First let's see how many *stop translation points* there are in each translation (they are denoted by an asterisk in the protein sequence, and correspond to the locations of stop codons in the DNA sequence). The real protein sequence is unlikely to have very many stop translation points. 

In [6]:
for i, seq in enumerate(prot_seqs):
    print("Sequence %d has %d stop codons." % (i + 1, seq.count('*')))

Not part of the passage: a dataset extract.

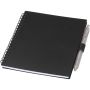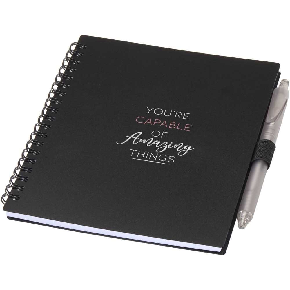A Niove puhafedeles jegyzetfüzet újrahasznosított műanyagból készült, 70 darab, pontozott, 70 g/m2 papírlappal. A jegyzetfüzet sarkai lekerekítettek, és tolltartóhurokkal rendelkezik. Mérete: 140 × 178 mm. A golyóstoll szintén újrahasznosított műanyagból készült. Tollbetét színe: kék. Íráshossz: 1000 méter. Hegyméret: 1,0 mm.

Sequence 1 has 12 stop codons.
Sequence 2 has 1 stop codons.
Sequence 3 has 10 stop codons.
Sequence 4 has 9 stop codons.
Sequence 5 has 6 stop codons.
Sequence 6 has 10 stop codons.


The second translated sequence has the fewest stop codons, so this seems a likely candidate for encoding a protein. Let's trim the sequence to include only the regions between a start and stop codon. This functionality does not yet exist in scikit-bio, though there are plans to rework the genetic code functionality in the near future to make this process easier. For now, let's define a function to find the this region in each protein sequence:

In [7]:
from skbio import ProteinSequence, SequenceCollection
def find_proteins(translated_seq):
    proteins = []
    curr_protein = []
    in_protein = False
    for c in translated_seq:
        if c == 'M':
            # start translation point, corresponds to a start codon
            in_protein = True
        if in_protein:
            if c == '*':
                # end translation point, corresponds to a stop codon
                proteins.append(ProteinSequence(curr_protein, id='%d' % (len(proteins) + 1)))
                curr_protein = []
                in_protein = False
            else:
                curr_protein.append(c)
    return SequenceCollection(proteins)

If we run this function on our candidate translation, we receive a `SequenceCollection` containing a single protein:

In [8]:
proteins = find_proteins(prot_seqs[1])
proteins

<SequenceCollection: n=1; mean +/- std length=124.00 +/- 0.00>

Let's inspect the protein in more detail:

In [9]:
print(proteins)

>1
MIKLKFGVFFTVLLSSAYAHGTPQNITDLCAEYHNTQIHTLNDKILSYTESLAGKREMAIITFKNGATFQVEVPGSQHIDSQKKAIERMKDTLRIAYLTEAKVEKLCVWNNKTPHAIAAISMAN



Note that the sequence starts with M (which is the amino acid encoded by ATG, the start codon in this genetic code) and that the stop translation character has been trimmed off. This region seems a likely candidate for a protein given its length.

A next step could be searching the protein against a reference database (e.g., by BLASTing them using NCBI's `blastp` tool). In the future, we may add external reference database searching to scikit-bio.